A) One disadvantage of simple stop and copy collectors is that all live objects must be copied at every collection. 

22) What are generational collectors and why are they preferred?.

A)    Taking into account two facts that have been empirically observed in most programs in a variety of languages:
  1. A) Most objects created by most programs have very short lives.
  2. Most programs create some objects that have very long lifetimes. A major source of inefficiency in simple copying collectors is that they spend much of their time copying the same long-lived objects again and again.
Generational collectors address this inefficiency by grouping objects by age and garbage collecting younger objects more often than older objects. In this approach, the heap is divided into two or more sub-heaps, each of which serves one "generation" of objects. The youngest generation is garbage collected most often. As most objects are short-lived, only a small percentage of young objects are likely to survive their first collection. Once an object has survived a few garbage collections as a member of the youngest generation, the object is promoted to the next generation: it is moved to another sub-heap. Each progressively older generation is garbage collected less often than the next younger generation. As objects "mature" (survive multiple garbage collections) in their current generation, they are moved to the next older generation.
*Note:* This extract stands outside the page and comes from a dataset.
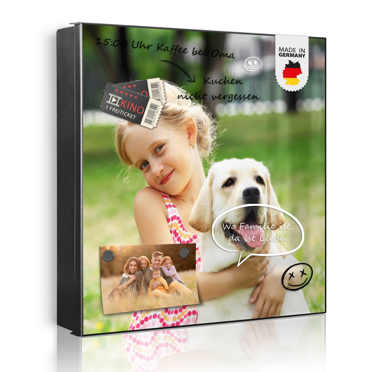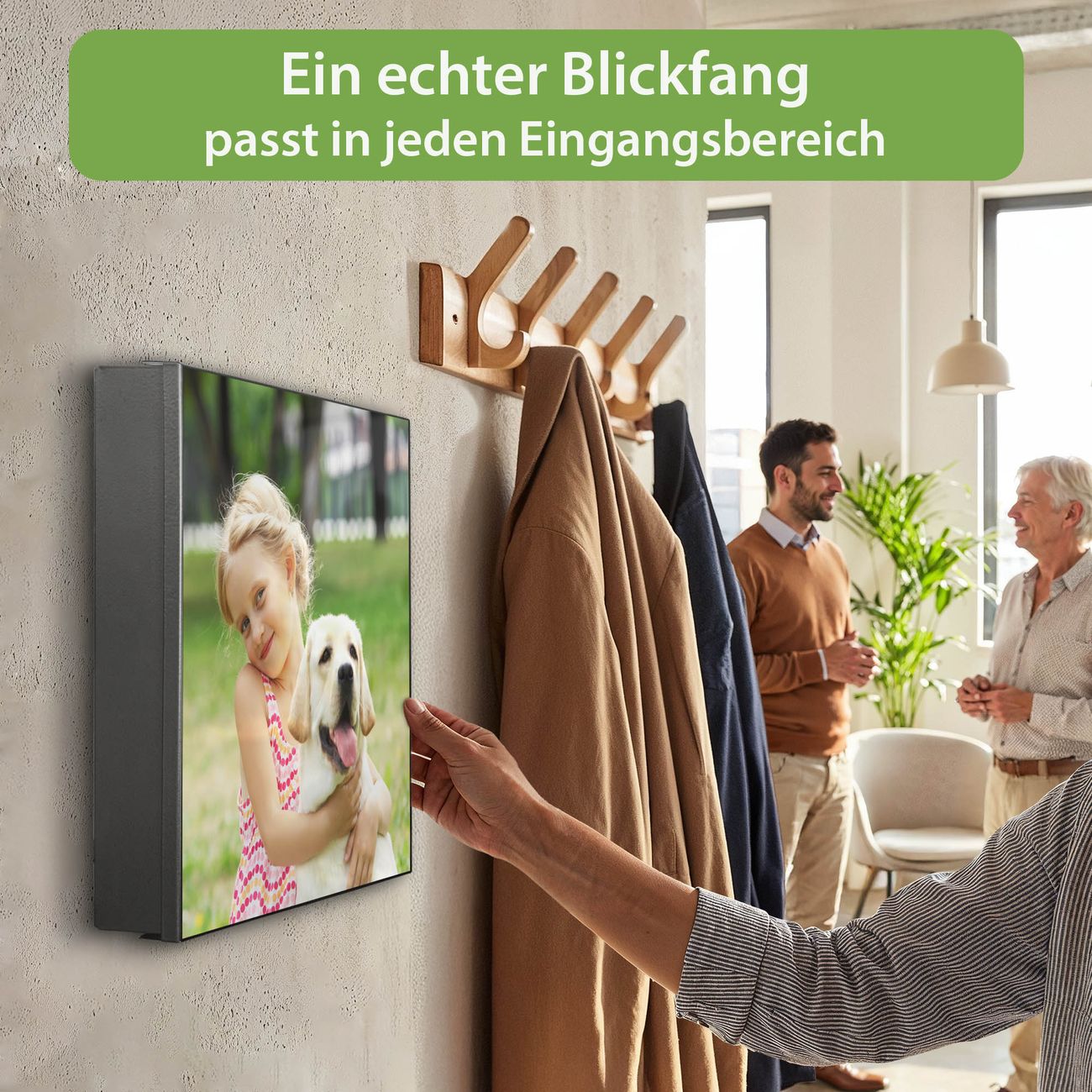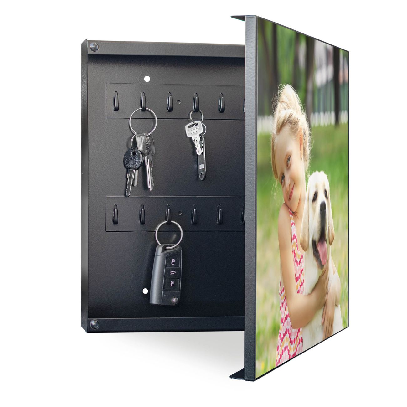 Bringe Ordnung und Eleganz in deinen Eingangsbereich mit dem banjado Schlüsselkasten Motiv Motiv Wunschmotiv. Die moderne Schlüsselbox kombiniert funktionales Design mit hochwertiger Verarbeitung und wird so zu einem echten Hingucker in Flur, Büro oder Ferienwohnung. ✅ Stilvolle Schlüsselaufbewahrung mit Motiv Motiv Wunschmotiv Der Design-Schlüsselkasten Motiv Motiv Wunschmotiv bietet Platz für bis zu 32 Schlüssel, die auf 4 stabilen Reihen mit je 8 Haken übersichtlich verstaut werden. Mit seinen kompakten Maßen von 30 x 30 x 5 cm passt die Schlüsselbox perfekt auch in kleinere Räume. Der schwarz lackierte Stahlkorpus mit rechts angeschlagenem Türscharnier harmoniert mit gedruckten Folie auf der Front und fügt sich nahtlos in jedes Wohnambiente ein. Ob als Schlüsselorganizer für Zuhause oder als praktische Lösung für Büros, Praxen und Gewerbe, der banjado Schlüsselkasten sorgt für Ordnung und Übersicht. Dank der magnetischen, mit Kreidestiften beschreibbaren Folie auf der Front kannst du Notizen anheften oder Termine direkt auf der Oberfläche festhalten. Die Schlüsselbox Motiv Motiv Wunschmotiv zur Wandmontage wird inklusive Befestigungsmaterial geliefert und ist schnell angebracht. So hast du deine Schlüssel jederzeit griffbereit und zugleich stilvoll verstaut. Mit diesem banjado Schlüsselkasten Motiv Motiv Wunschmotiv kombinierst du praktische Aufbewahrung mit stilvollem Wohndesign. Ob privat oder geschäftlich, die Schlüsselbox sorgt für mehr Ordnung, Übersicht und ein wohnliches Ambiente.Vorteile im Überblick

23) For what type of collection the Generational collection can be used?

A) The generational collection technique can be applied to mark and sweep algorithms as well as copying algorithms. In either case, dividing the heap into generations of objects can help improve the efficiency of the basic underlying garbage collection algorithm.

24) What are Adaptive collectors?

A)  An adaptive garbage collection algorithm takes advantage of the fact that some garbage collection algorithms work better in some situations, while others work better in other situations. An adaptive algorithm monitors the current situation on the heap and adjusts its garbage collection technique accordingly. It may tweak the parameters of a single garbage collection algorithm as the program runs. It may switch from one algorithm to another on the fly. Or it may divide the heap into sub-heaps and use different algorithms on different sub-heaps simultaneously.

25) What is the size of a reference in JVM?
A)  The size is 4 bytes  (32 bits).

26)  What are daemon threads in a JVM?

A) A daemon thread is ordinarily a thread used by the virtual machine itself, such as a thread that performs garbage collection. The application, however, can mark any threads it creates as daemon threads. The initial thread of an application--the one that begins at main()--is a non- daemon thread.

27) When can the JVM terminate?

A) A Java application continues to execute (the virtual machine instance continues to live) as long as any non-daemon threads are still running. When all non-daemon threads of a Java application terminate, the virtual machine instance will exit. If permitted by the security manager, the application can cause its own demise, by invoking the exit() method of class Runtime or System.